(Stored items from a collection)
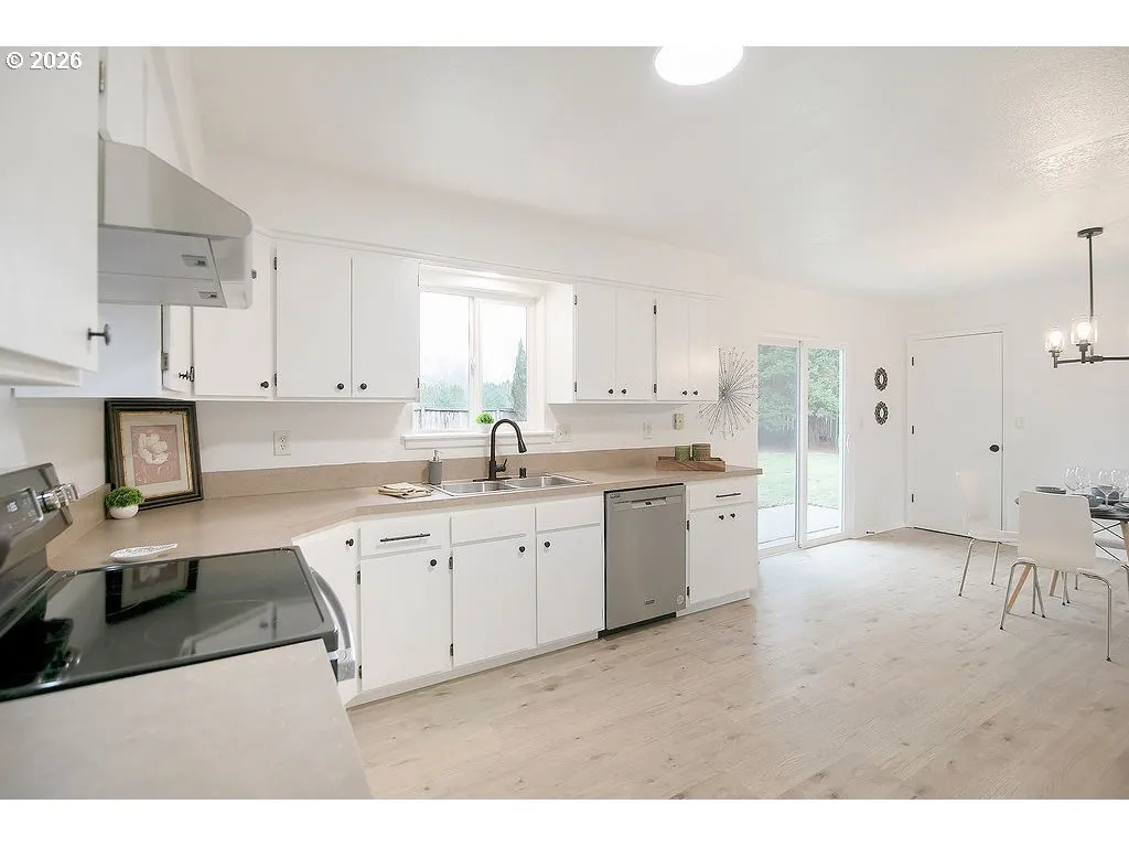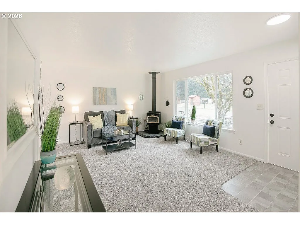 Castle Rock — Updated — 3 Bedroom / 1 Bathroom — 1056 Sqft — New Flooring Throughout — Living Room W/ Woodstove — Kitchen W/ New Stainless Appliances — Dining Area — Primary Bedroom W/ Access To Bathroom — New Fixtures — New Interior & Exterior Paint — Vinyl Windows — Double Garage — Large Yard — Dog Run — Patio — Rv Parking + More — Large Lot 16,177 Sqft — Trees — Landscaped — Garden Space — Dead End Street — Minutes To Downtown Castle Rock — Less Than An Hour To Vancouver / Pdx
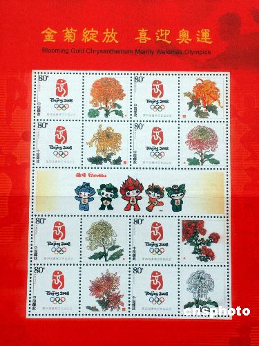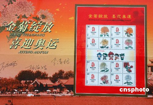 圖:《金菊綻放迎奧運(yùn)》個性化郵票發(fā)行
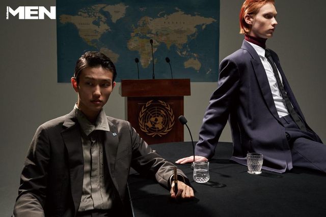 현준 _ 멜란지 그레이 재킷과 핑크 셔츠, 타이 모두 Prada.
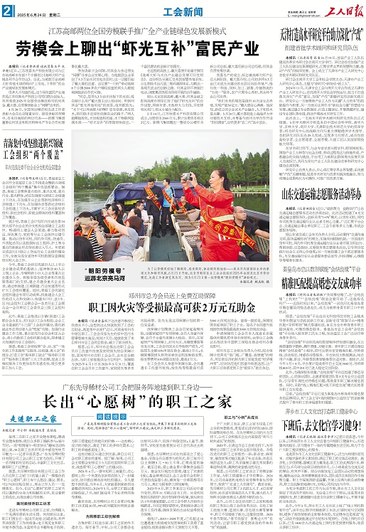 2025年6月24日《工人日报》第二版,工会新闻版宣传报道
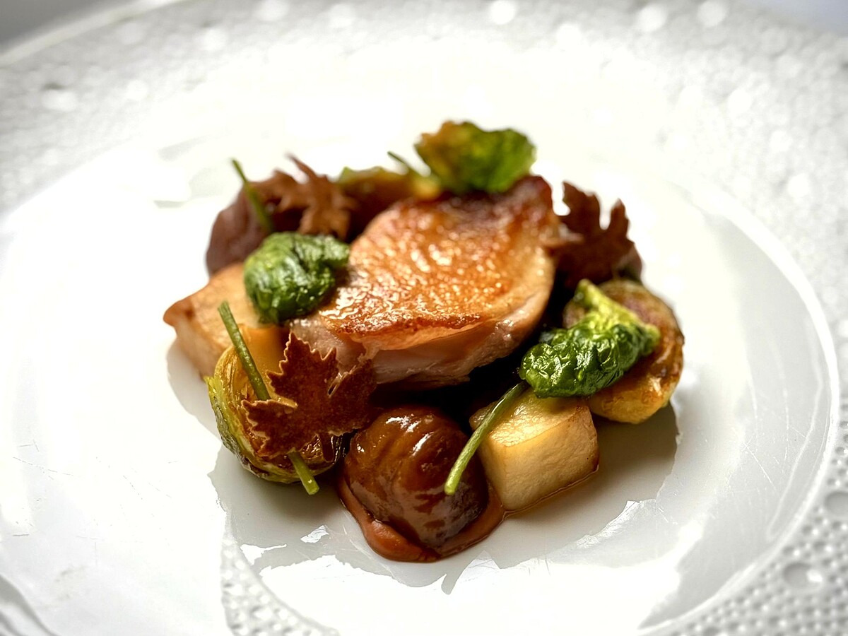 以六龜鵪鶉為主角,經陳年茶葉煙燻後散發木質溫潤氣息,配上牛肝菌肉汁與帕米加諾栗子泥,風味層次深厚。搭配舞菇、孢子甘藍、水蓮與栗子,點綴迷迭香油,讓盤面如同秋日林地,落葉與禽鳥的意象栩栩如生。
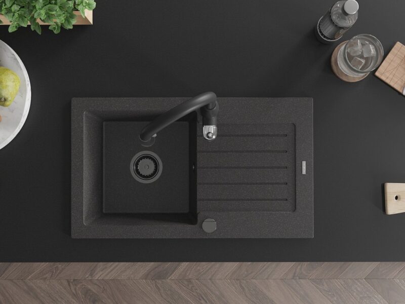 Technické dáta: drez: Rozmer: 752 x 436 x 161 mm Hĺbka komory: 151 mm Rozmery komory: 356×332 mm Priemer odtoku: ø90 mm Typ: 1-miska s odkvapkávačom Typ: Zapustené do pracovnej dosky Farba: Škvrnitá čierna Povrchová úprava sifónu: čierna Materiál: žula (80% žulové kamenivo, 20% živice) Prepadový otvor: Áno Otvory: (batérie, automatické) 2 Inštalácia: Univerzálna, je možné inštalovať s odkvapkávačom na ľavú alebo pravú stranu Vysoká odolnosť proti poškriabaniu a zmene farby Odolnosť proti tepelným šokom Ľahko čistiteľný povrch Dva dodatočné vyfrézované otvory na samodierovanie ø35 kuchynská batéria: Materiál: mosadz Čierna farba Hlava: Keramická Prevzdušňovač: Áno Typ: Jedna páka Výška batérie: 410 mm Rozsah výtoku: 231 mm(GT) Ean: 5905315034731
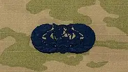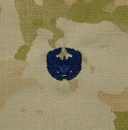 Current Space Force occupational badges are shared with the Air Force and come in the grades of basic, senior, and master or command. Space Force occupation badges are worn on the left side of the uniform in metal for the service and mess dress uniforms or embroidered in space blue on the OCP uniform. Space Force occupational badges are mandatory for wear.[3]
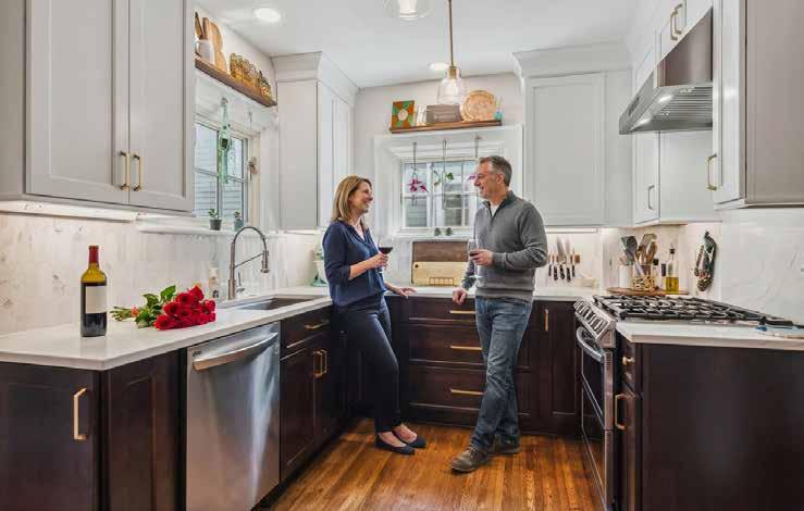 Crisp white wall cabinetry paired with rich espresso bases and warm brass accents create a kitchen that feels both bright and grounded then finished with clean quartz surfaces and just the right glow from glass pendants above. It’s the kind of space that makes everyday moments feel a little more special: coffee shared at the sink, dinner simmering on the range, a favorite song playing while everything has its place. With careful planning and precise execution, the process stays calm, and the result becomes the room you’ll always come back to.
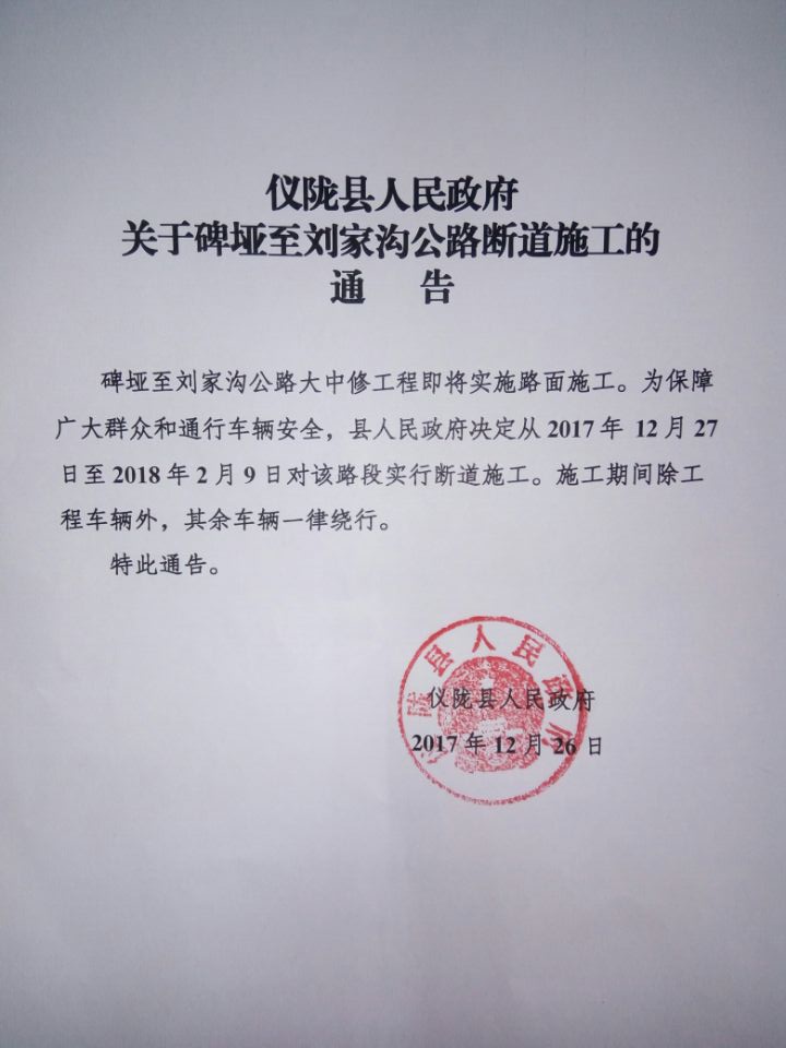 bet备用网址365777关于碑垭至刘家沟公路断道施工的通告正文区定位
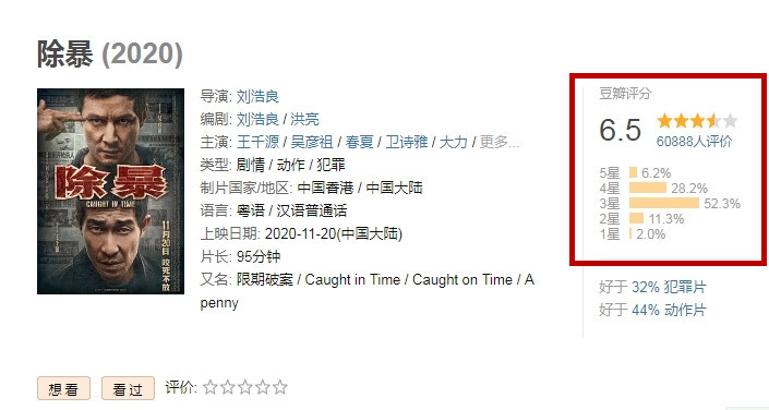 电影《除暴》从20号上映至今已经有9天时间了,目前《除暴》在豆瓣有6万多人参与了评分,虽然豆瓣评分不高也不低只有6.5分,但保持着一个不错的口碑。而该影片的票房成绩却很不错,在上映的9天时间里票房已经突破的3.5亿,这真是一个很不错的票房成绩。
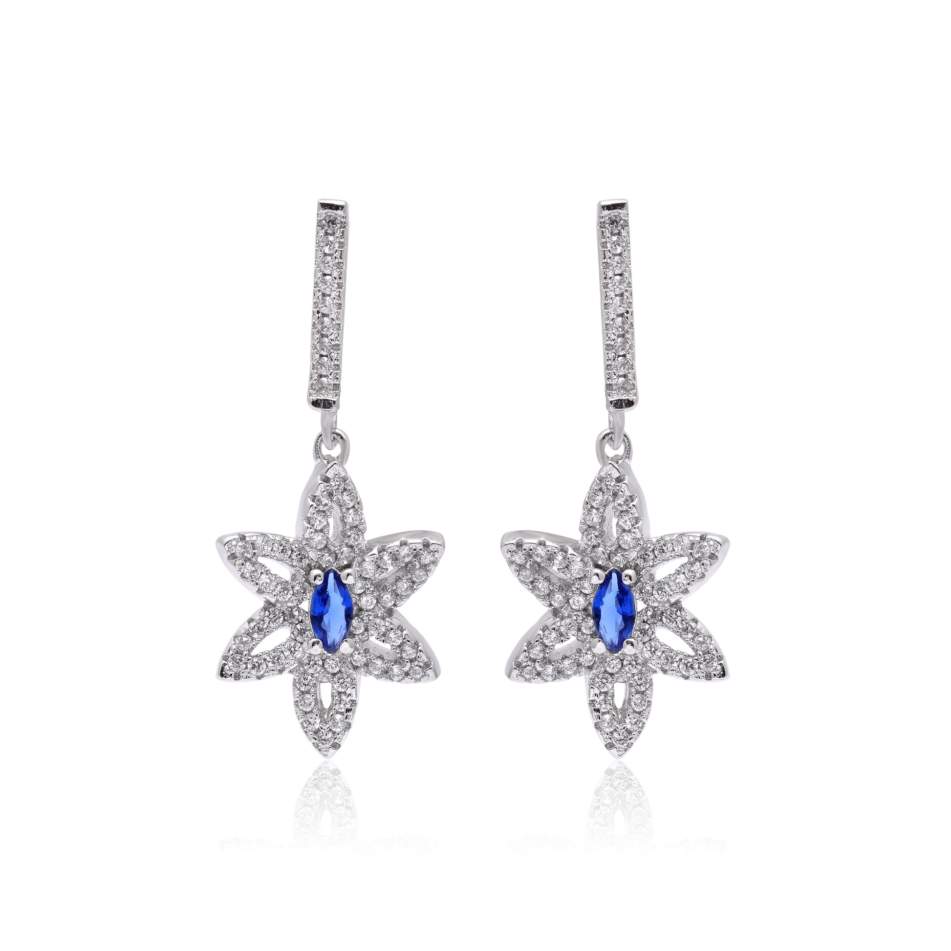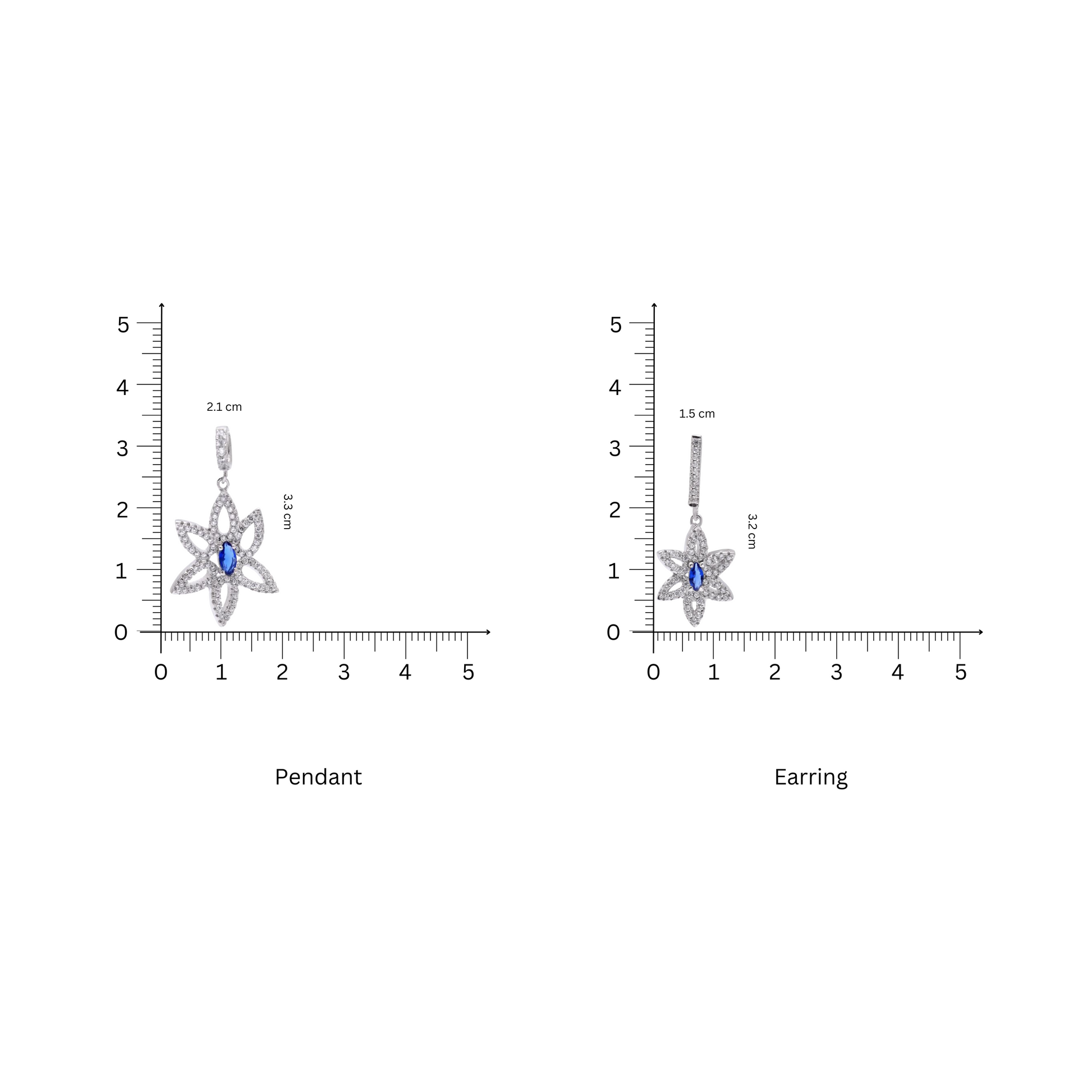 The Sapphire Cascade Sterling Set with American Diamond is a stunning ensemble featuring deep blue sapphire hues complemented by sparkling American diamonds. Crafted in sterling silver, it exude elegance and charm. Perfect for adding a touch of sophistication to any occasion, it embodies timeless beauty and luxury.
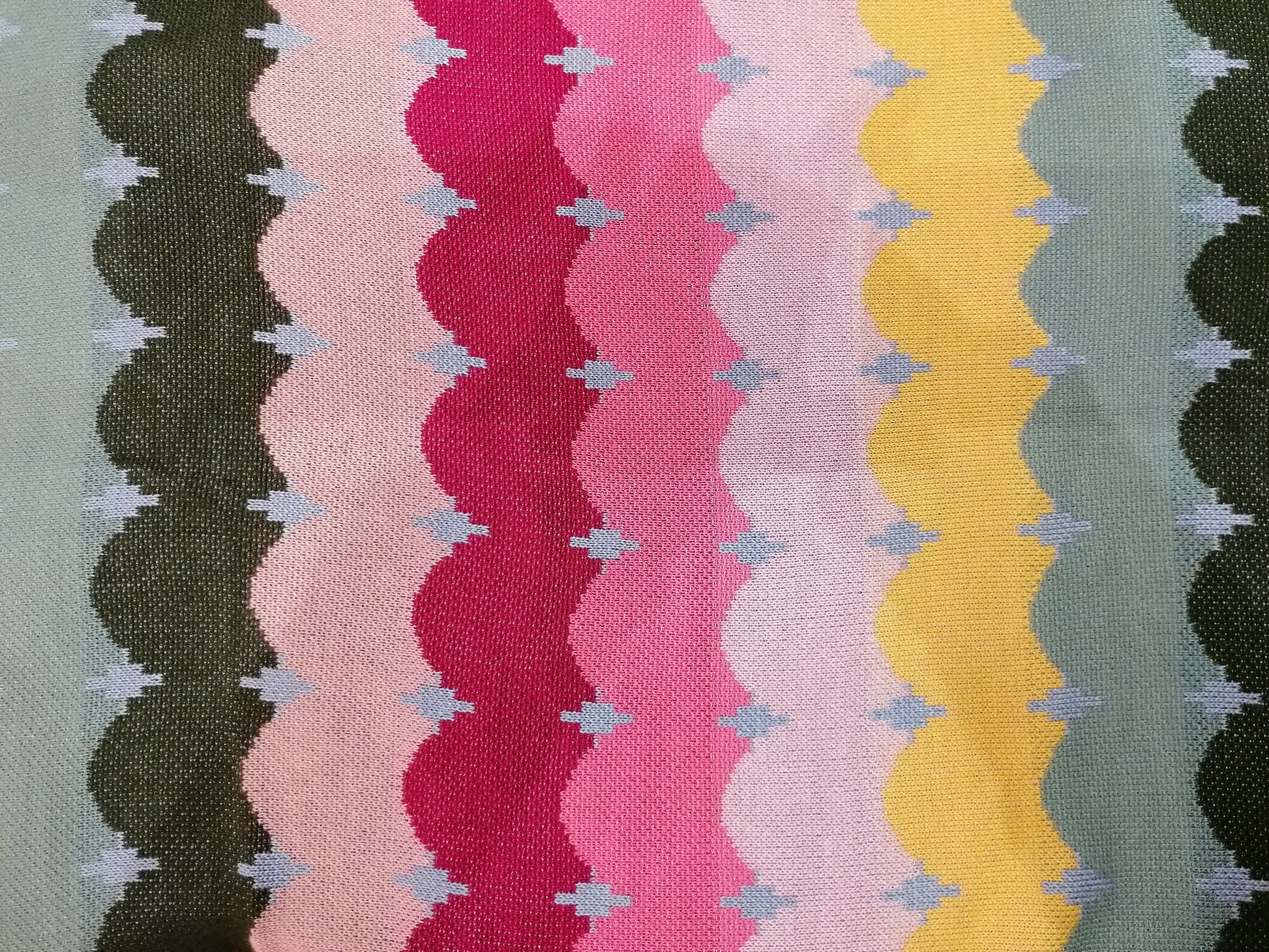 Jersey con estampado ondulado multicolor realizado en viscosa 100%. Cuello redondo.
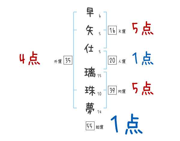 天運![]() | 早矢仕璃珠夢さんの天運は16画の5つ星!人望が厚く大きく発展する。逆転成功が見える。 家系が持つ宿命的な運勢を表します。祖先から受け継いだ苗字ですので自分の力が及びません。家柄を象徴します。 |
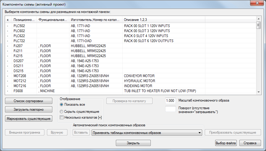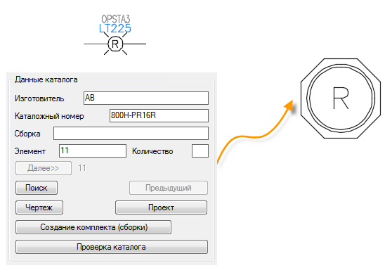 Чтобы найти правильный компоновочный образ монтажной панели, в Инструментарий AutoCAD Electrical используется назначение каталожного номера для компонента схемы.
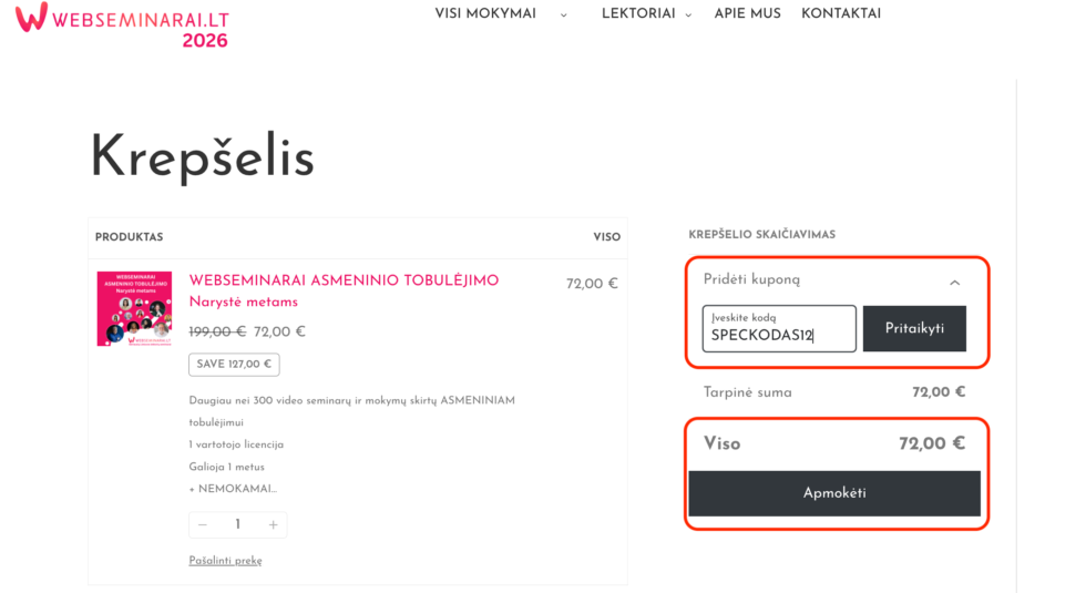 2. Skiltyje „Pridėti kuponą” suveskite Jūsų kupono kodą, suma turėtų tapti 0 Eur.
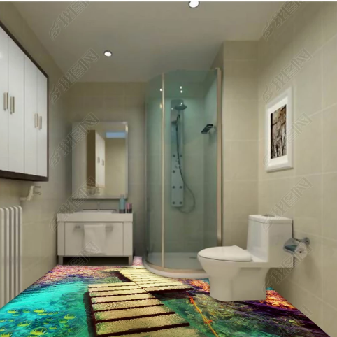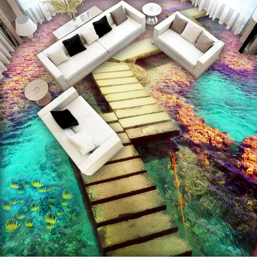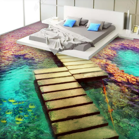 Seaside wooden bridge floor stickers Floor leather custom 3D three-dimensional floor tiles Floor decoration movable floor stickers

Assigned task >>
Transcribe only this stretch of the data: the line with "Technické dáta: drez: Rozmer: 752", the line with "Current Space Force", and every line in between. Leave out the pictures.

Output of the exercise >>
 Technické dáta: drez: Rozmer: 752 x 436 x 161 mm Hĺbka komory: 151 mm Rozmery komory: 356×332 mm Priemer odtoku: ø90 mm Typ: 1-miska s odkvapkávačom Typ: Zapustené do pracovnej dosky Farba: Škvrnitá čierna Povrchová úprava sifónu: čierna Materiál: žula (80% žulové kamenivo, 20% živice) Prepadový otvor: Áno Otvory: (batérie, automatické) 2 Inštalácia: Univerzálna, je možné inštalovať s odkvapkávačom na ľavú alebo pravú stranu Vysoká odolnosť proti poškriabaniu a zmene farby Odolnosť proti tepelným šokom Ľahko čistiteľný povrch Dva dodatočné vyfrézované otvory na samodierovanie ø35 kuchynská batéria: Materiál: mosadz Čierna farba Hlava: Keramická Prevzdušňovač: Áno Typ: Jedna páka Výška batérie: 410 mm Rozsah výtoku: 231 mm(GT) Ean: 5905315034731
 Current Space Force occupational badges are shared with the Air Force and come in the grades of basic, senior, and master or command. Space Force occupation badges are worn on the left side of the uniform in metal for the service and mess dress uniforms or embroidered in space blue on the OCP uniform. Space Force occupational badges are mandatory for wear.[3]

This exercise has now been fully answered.